As an exercise, transcribe the data below in full and exactly, omitting pictures.

Source data:
____
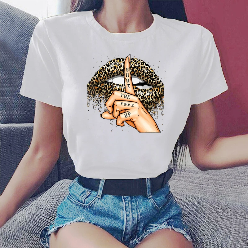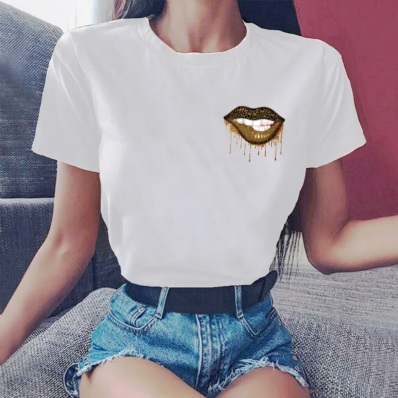 Женская футболка с леопардовым принтом, летняя футболка с круглым вырезом и принтом губ
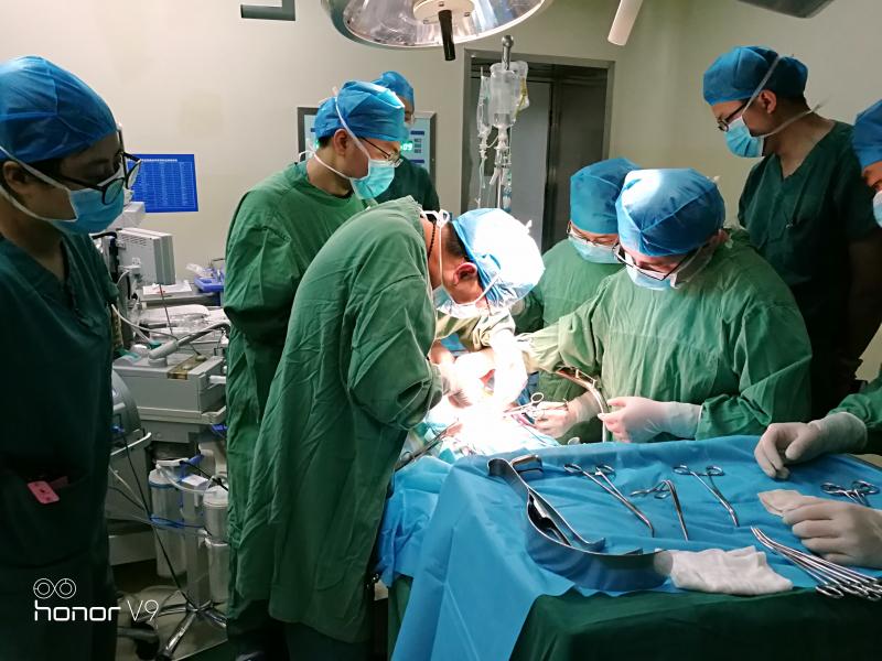 “腹主动脉破裂在腹部损伤中较少见临床主要表现为大面积血肿、伤口大量出血、失血性休克与进行性腹胀等,因血管较粗、出血迅猛,病情一般十分危急,超过50%的患者在送至医院前即死亡,术中麻醉医生予抗休克治疗,为成功抢救争取了手术时间。”主任杨闻晓介绍道:由于损伤段腹主动脉极难分离,为手术增加了难度,且非常考验医师的判断力和操作技巧,需阻断腹主动脉破裂口近端,轻柔、准确分离暴露腹主动脉,保护位于其右后方的下腔静脉,防止因过分牵扯造成静脉破裂的严重并发症,且需注意保护腰动脉,防止发生脊髓供血性损伤。
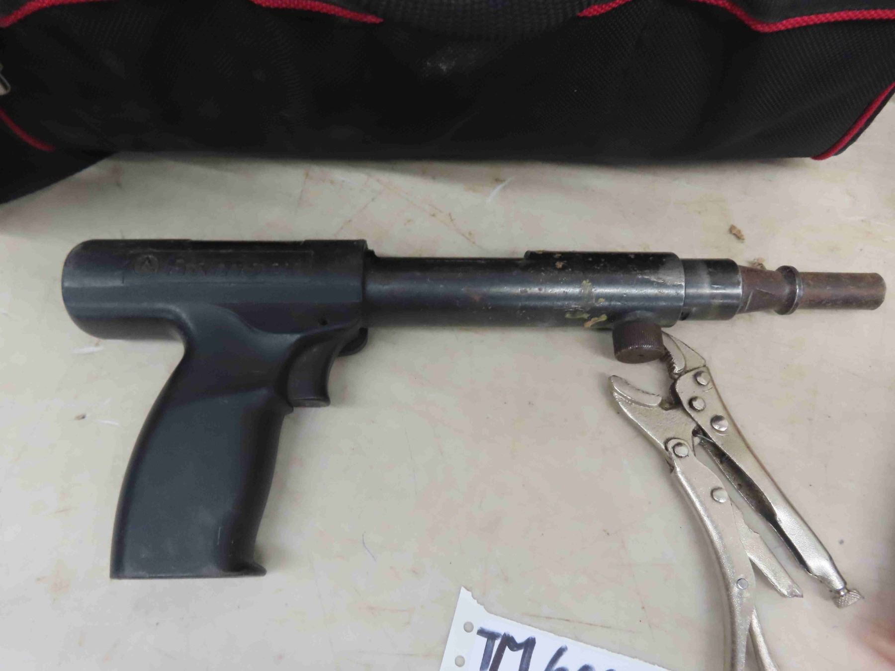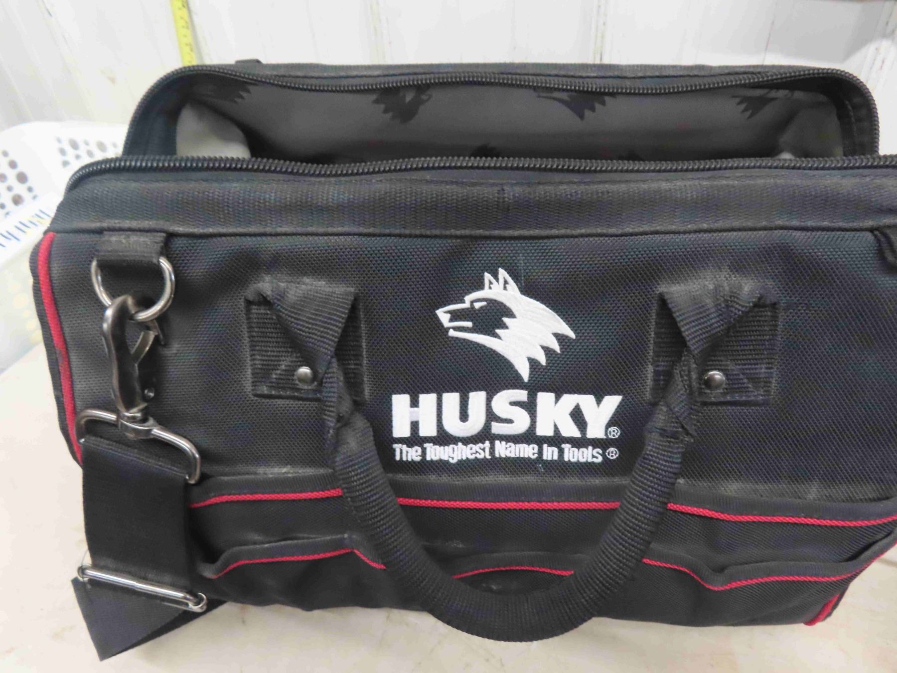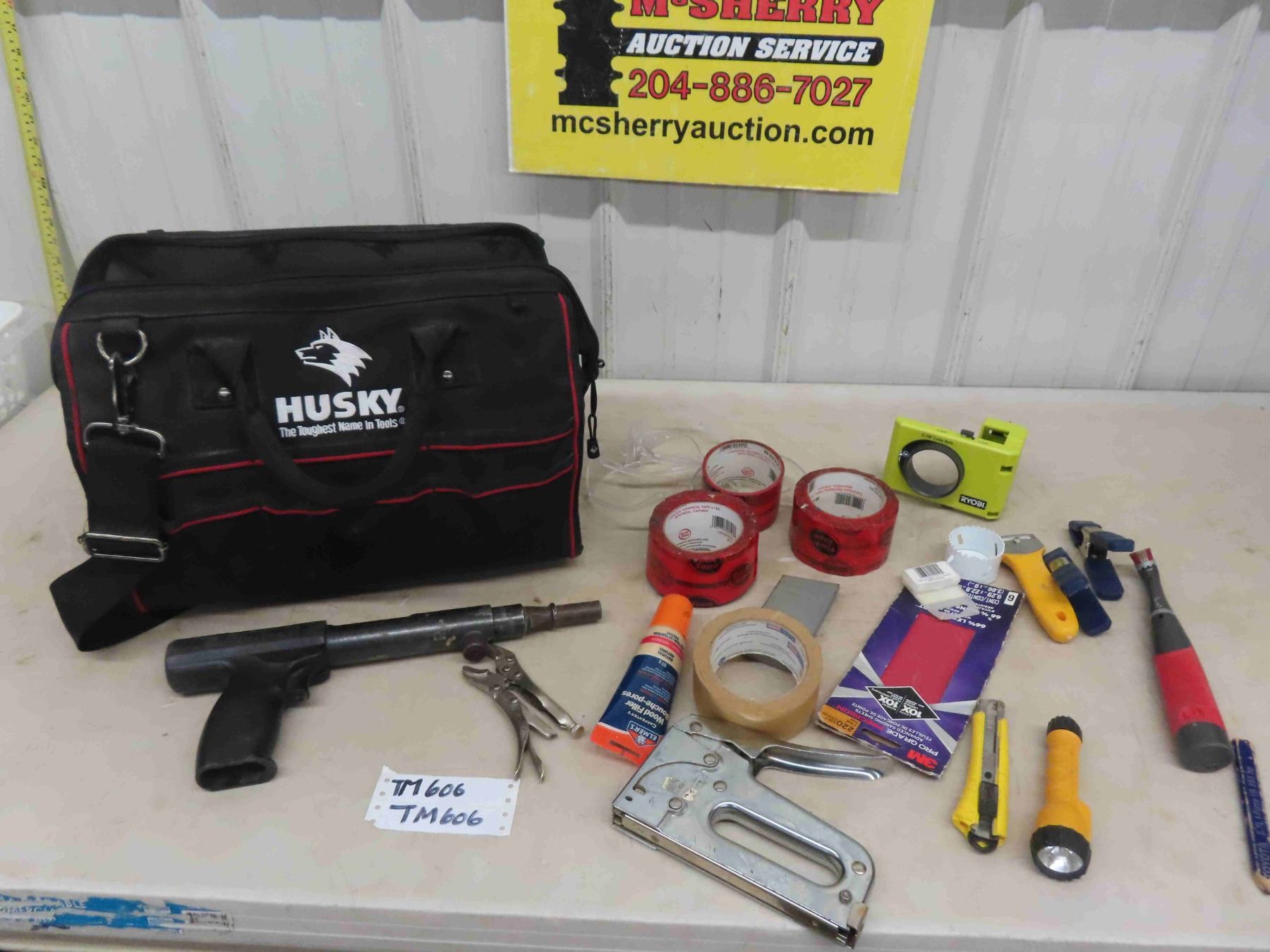 Husky Tool Bag with Assosrted Goodies ; Ramset Concrete Nailer, Stapler, Safety
____
Answer:
 Женская футболка с леопардовым принтом, летняя футболка с круглым вырезом и принтом губ
 “腹主动脉破裂在腹部损伤中较少见临床主要表现为大面积血肿、伤口大量出血、失血性休克与进行性腹胀等,因血管较粗、出血迅猛,病情一般十分危急,超过50%的患者在送至医院前即死亡,术中麻醉医生予抗休克治疗,为成功抢救争取了手术时间。”主任杨闻晓介绍道:由于损伤段腹主动脉极难分离,为手术增加了难度,且非常考验医师的判断力和操作技巧,需阻断腹主动脉破裂口近端,轻柔、准确分离暴露腹主动脉,保护位于其右后方的下腔静脉,防止因过分牵扯造成静脉破裂的严重并发症,且需注意保护腰动脉,防止发生脊髓供血性损伤。
 Husky Tool Bag with Assosrted Goodies ; Ramset Concrete Nailer, Stapler, Safety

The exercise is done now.